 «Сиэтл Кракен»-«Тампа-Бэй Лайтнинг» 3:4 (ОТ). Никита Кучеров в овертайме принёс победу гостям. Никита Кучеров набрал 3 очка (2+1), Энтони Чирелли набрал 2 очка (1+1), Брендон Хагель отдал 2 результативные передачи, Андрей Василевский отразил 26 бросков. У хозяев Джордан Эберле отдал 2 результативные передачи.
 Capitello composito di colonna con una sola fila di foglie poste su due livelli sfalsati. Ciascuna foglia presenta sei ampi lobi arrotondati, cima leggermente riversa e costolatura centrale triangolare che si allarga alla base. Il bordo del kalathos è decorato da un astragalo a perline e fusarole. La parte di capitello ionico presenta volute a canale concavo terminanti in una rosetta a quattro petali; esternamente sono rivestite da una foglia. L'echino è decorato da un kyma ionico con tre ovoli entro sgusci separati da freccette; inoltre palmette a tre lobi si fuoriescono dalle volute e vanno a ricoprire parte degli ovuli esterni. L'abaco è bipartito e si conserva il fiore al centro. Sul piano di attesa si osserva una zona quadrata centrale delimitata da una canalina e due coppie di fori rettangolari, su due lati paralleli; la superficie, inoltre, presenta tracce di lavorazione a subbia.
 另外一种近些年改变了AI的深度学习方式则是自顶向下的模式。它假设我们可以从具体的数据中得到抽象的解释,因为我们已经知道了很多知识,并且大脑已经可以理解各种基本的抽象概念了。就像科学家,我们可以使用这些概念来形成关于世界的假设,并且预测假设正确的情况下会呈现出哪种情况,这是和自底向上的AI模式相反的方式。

▬▬▬

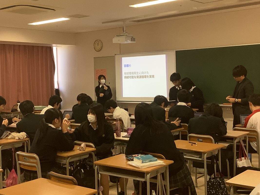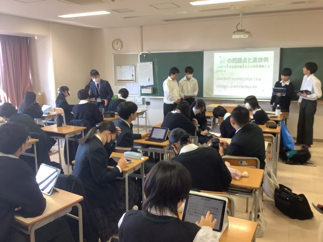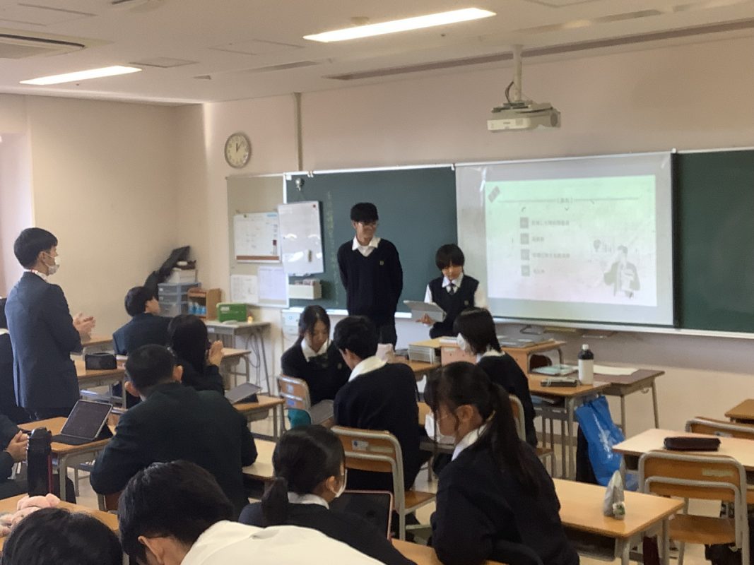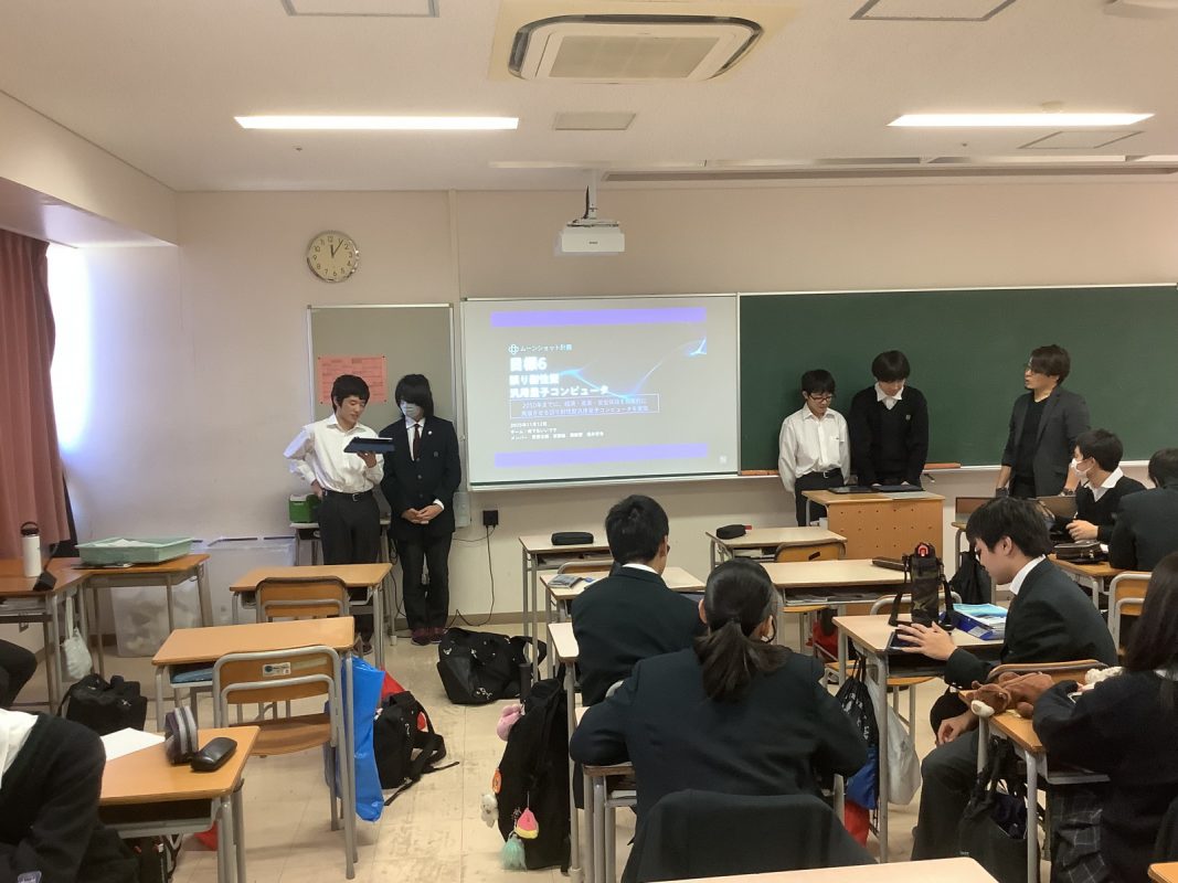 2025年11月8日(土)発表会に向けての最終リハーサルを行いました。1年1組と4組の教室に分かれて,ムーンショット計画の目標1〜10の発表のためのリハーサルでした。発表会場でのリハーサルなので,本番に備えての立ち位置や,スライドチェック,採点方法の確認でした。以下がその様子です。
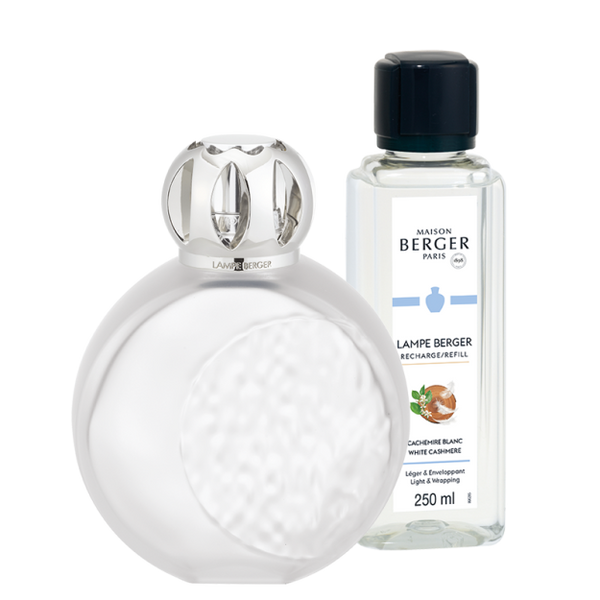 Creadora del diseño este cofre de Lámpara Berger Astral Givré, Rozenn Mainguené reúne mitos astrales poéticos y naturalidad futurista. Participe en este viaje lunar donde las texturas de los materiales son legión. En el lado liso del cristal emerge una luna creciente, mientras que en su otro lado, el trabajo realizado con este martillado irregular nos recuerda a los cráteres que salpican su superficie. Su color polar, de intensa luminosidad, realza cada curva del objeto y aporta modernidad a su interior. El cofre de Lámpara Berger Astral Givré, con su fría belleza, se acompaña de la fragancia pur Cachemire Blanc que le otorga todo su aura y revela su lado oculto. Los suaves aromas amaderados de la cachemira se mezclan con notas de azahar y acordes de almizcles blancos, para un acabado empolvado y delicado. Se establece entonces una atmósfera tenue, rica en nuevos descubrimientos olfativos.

▬▬▬

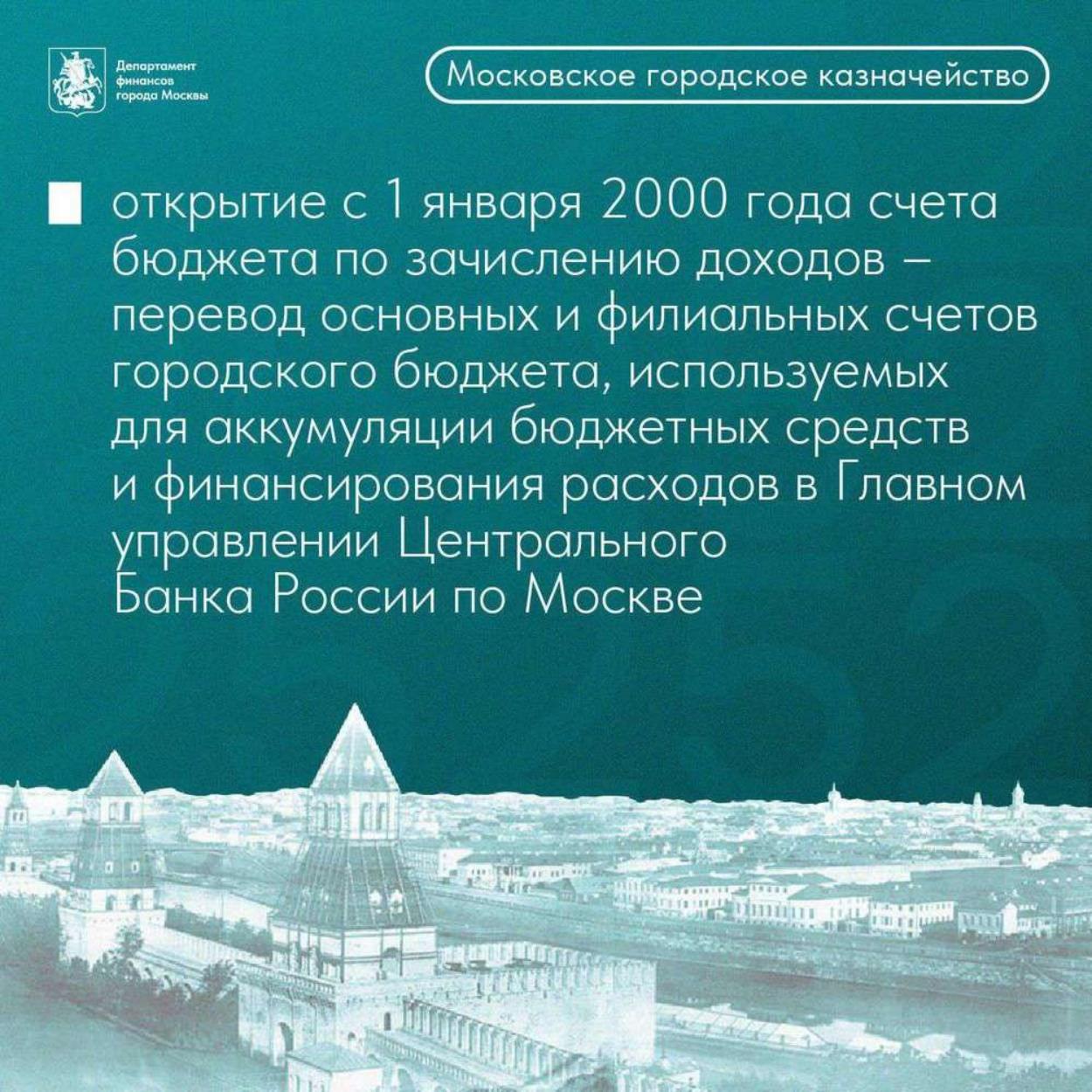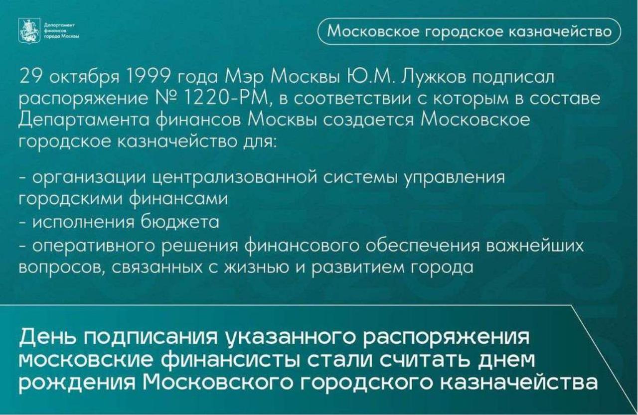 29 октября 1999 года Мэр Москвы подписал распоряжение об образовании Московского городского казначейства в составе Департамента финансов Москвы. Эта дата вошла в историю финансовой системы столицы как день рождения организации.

▬▬▬

Your task:
Look above for the line with "2 результативные передачи." and the line with "另外一种近些年改变了AI的深". Retype those two lines and every line between them exactly, adding nothing.

Reply:
 «Сиэтл Кракен»-«Тампа-Бэй Лайтнинг» 3:4 (ОТ). Никита Кучеров в овертайме принёс победу гостям. Никита Кучеров набрал 3 очка (2+1), Энтони Чирелли набрал 2 очка (1+1), Брендон Хагель отдал 2 результативные передачи, Андрей Василевский отразил 26 бросков. У хозяев Джордан Эберле отдал 2 результативные передачи.
 Capitello composito di colonna con una sola fila di foglie poste su due livelli sfalsati. Ciascuna foglia presenta sei ampi lobi arrotondati, cima leggermente riversa e costolatura centrale triangolare che si allarga alla base. Il bordo del kalathos è decorato da un astragalo a perline e fusarole. La parte di capitello ionico presenta volute a canale concavo terminanti in una rosetta a quattro petali; esternamente sono rivestite da una foglia. L'echino è decorato da un kyma ionico con tre ovoli entro sgusci separati da freccette; inoltre palmette a tre lobi si fuoriescono dalle volute e vanno a ricoprire parte degli ovuli esterni. L'abaco è bipartito e si conserva il fiore al centro. Sul piano di attesa si osserva una zona quadrata centrale delimitata da una canalina e due coppie di fori rettangolari, su due lati paralleli; la superficie, inoltre, presenta tracce di lavorazione a subbia.
 另外一种近些年改变了AI的深度学习方式则是自顶向下的模式。它假设我们可以从具体的数据中得到抽象的解释,因为我们已经知道了很多知识,并且大脑已经可以理解各种基本的抽象概念了。就像科学家,我们可以使用这些概念来形成关于世界的假设,并且预测假设正确的情况下会呈现出哪种情况,这是和自底向上的AI模式相反的方式。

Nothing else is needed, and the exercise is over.